# Take $n^\text{th}$ sub-list with equal distances

I have been looking at Span, Take, etc. functions but I couldn't figure out how can I extract elements likes this

A = {a, b, c, d, e, f, g, h, k, l, m, n, o, p}


And I want this : A' = {b, c, f, g, l, m}.

Basically, I am looking at the elements with a distance of 4 + their next elements: {b, f, l} + their associated next elements {c, g, m}

Thanks!

Flatten @ Partition[Rest @ A, 2, 4]


{b, c, f, g, l, m}

or

A[[Flatten @ Partition[Range[2, Length @ A], 2, 4]]]


{b, c, f, g, l, m}

Also

Table[Sequence @@ A[[{i + 1, i + 2}]], {i, 1 , Length[A] - 2, 4}]


{b, c, f, g, l, m}

This returns the 2nd and 3rd elements from successive 4-element chunks, and is directly generalizable to any chunk size or element selection:

Flatten@Map[{#[[2]], #[[3]]} &, Partition[A, 4]]


{b, c, f, g, l, m}

Same as above, using shorthand for Map:

Flatten[{#[[2]], #[[3]]} & /@ Partition[A, 4]]


{b, c, f, g, l, m}

This gives the first letter of the pair at the end without its mate, so to eliminate it you'd need to drop the last letter:

Riffle[Downsample[A, 4, 2], Downsample[A, 4, 3]]
Drop[Riffle[Downsample[A, 4, 2], Downsample[A, 4, 3]],-1]


{b, c, f, g, l, m, p}

{b, c, f, g, l, m}

Similarly:

Drop[{Downsample[A, 4, 2], Downsample[A, 4, 3]}~Flatten~{2, 1}, -1]


{b, c, f, g, l, m}

Riffle[A[[2 ;; ;; 4]], A[[3 ;; ;; 4]]];


or

Flatten[Transpose[{A[[2 ;; ;; 4]], A[[3 ;; ;; 4]]}]]

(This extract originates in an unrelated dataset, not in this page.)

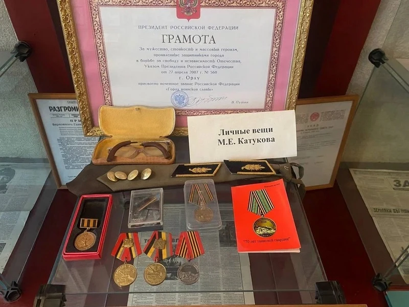 В экспозиции открытого в 2003 году музея много материалов, связанных с Великой Отечественной войной и жизнью легендарного военачальника. Михаилу Катукову принадлежит первый крупный успех советских танковых войск. В боях у села Первый Воин Мценского района с 4 по 11 октября 1941 года его бригада смогла сдержать наступление рвавшихся к Москве 3-й и 4-й танковых дивизий вермахта, входивших во 2-ю танковую армию генерала Гудериана. За этот подвиг 4-я танковая бригада первой в Красной Армии получила почётное звание «Гвардейская» и стала именоваться 1-й гвардейской.

The latter is easily generalizable to more than two "spans".

Also notable:

Flatten[Partition[A, 4][[All, 2 ;; 3]]]


For unpacked list A, the method with Riffle seems to be the best among these (on my machine). For packed integer list A, second method seems to be a bit faster.

• To the downvoter: Is something not right with this answer? Aug 6, 2019 at 15:23

Try this simpler one:

 Flatten[Table[{A[[i]], A[[i+1]]},{i,2,Length[A]-1,4}]]


Flatten is used to remove curly brackets.